Cocktails

Why the Negroni is the Marmite of the cocktail world
"The Negroni is the Marmite of mixed drinks" writes Ian Cameron. So why does it put so many people - including restaurant critic Jay Rayner - off?
"Taken at face value, the classic cocktail from 1920s Florence is a simple enough concept: gin, sweet vermouth and Campari, poured in equal measures. There's no mixological whimsy at work, no fancy techniques - you just pour the liquids over a few ice cubes in the glass you're going to serve it in and give it a stir. Throw in an orange twist and Bob's your uncle.

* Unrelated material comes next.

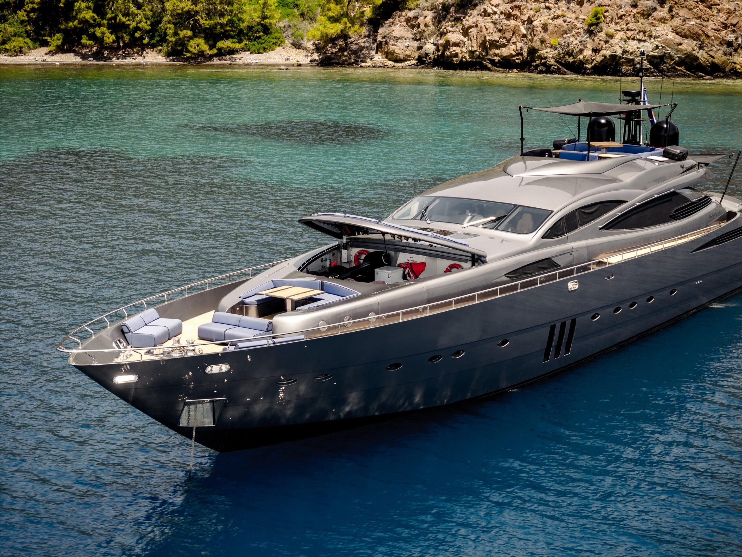 Яхта сохранила оригинальные дизайнерские черты — стремительные линии экстерьера, несколько зон палубного пространства и современный интерьер — при этом получила обновлённую электронику и максимальную скорость до 38 узлов.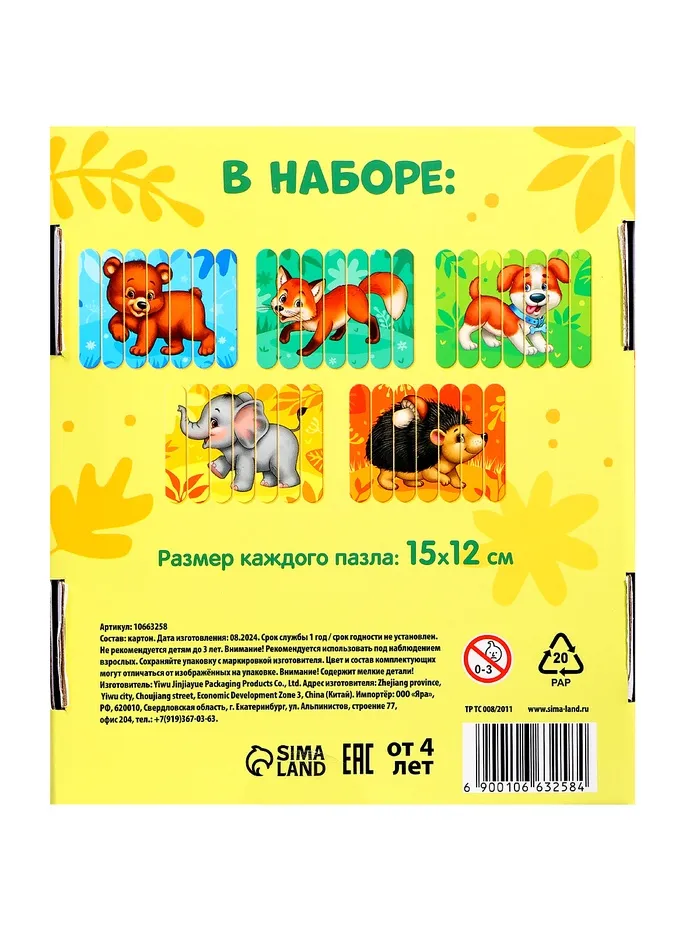 Пазлы палочки «Лесные животные» — отличный выбор для развития ребёнка и увлекательного времяпрепровождения. Набор состоит из 5 пазлов в виде палочек, что добавляет оригинальности в процесс сборки. Каждый пазл изображает яркие и узнаваемые образы животных, знакомя малыша с обитателями леса.

Yet when drinkers raise a Negroni to their lips the cocktail has an incredibly polarising effect. Like the nation's reaction to its most famous yeast extract, people literally love it or hate it. It's a big, boozy, big boy's drink, dry and jowl-shakingly bitter. It comes at you like a wake-up call at 3am.
To its fans, it's an aperitif without compare, a sophisticated kick start to enliven the palate and stiffen the sinews ahead of a meal.

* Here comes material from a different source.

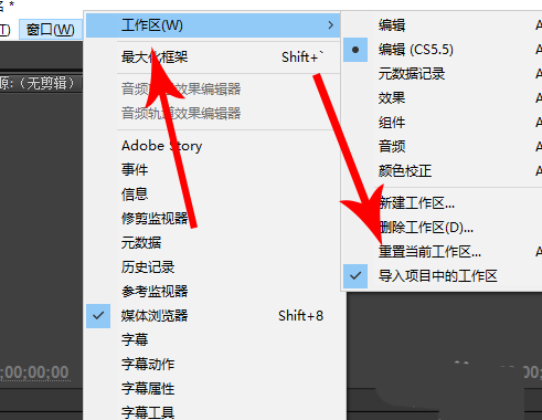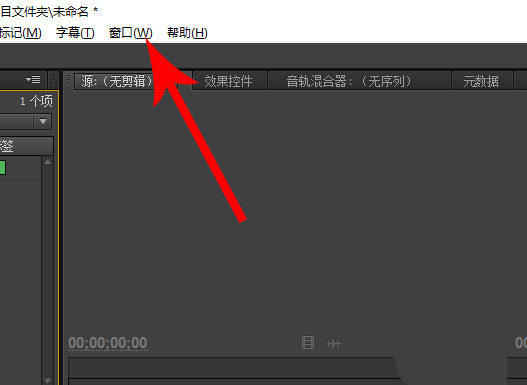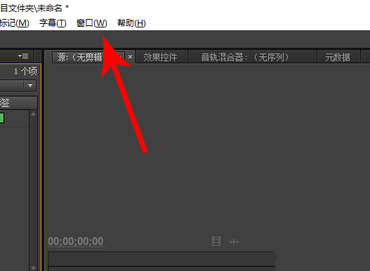 1、发现时间轴面板消失时点击pr菜单栏中的“窗口”

To the haters, it's a red devil incarnate.
Is it in the healthy slug of gin? It can't be. We all love a stiff G&T and gin has been probably the most interesting spirit category of late, with a slew of new brands, flavours and styles.

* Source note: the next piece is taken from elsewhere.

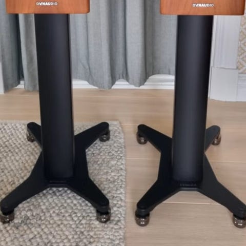 Ett par Dynaudio 3x stativ komplett med spikes och "washers" för att skydda golvet.

What about the vermouth? Sure, an appreciation of aromatized wines can be an acquired taste, and in this ratio it's undoubtedly a star player as much as the gin, but it's hardly offensive.
No, it must be the Campari.
The bright red allure of Campari is deceptive, its hue redolent of a cordial, promising sweetness, maybe berry flavours or a pomegranate-like grenadine quality. But to the uninitiated, its bitter, rooty glory can come as a nasty surprise, akin to licking a full ashtray.
Those that are averse to the taste may never change their minds, but for those it appeals to, there's really no substitute. And that, perhaps, is its ultimate conceit: if you like it, you're a member of a special club.
If you're not, they're not looking for any new members.
Here's how I make mine:
Take a nice, chunky rocks glass. Fill it with some good quality ice - chunky, tongue-stickingly cold, no wet pub ice and certainly not crushed. Pour over a shot of a bold gin - I like Plymouth - then a shot of vermouth such as Carpano Antica Formula. Finally a shot of Campari - there's no substitute. Give it a stir and add in an orange wedge. Job done.
Ian Cameron is editor at diffordsguide.com, which won the Best Cocktail Writing (Publication) award at the Tales of the Cocktail convention in New Orleans in July 2013. He is a contributing editor to worldsbestbars.com and has written for BBC Olive, GQ, Esquire and The Independent.

How to make simple, great cocktails
You may find the idea of making cocktails daunting but bar consultant Kate Hawkings says it's simply a question of stirring a couple of good ingredients in a glass. Here are four of her current favourites.
Those of us of a certain age will remember when the cocktail world was all about novelty glassware, silly umbrellas and ridiculous 'flairing' - that preposterous juggling of bottles and shakers made famous by Tom Cruise in the execrable 1988 film, Cocktail.
The drinks were often sweet and fruity; layering and sugared rims were cool. Then considered sophisticated and glamorous, it now all seems the very height of naffness and we should be grateful those days gone.
Today, hipster cocktail bars are all the rage and the best of them serve astonishingly good drinks, made by clever bartenders who take their subject so seriously they could be accused of geekery.
They have access to incredible ranges of arcane spirits and other ingredients, and many now infuse, distill, barrel-age and even smoke their own. While it can be such a pleasure to drink these creations, they are generally better left to the pros and few of us could, or should, attempt to recreate them.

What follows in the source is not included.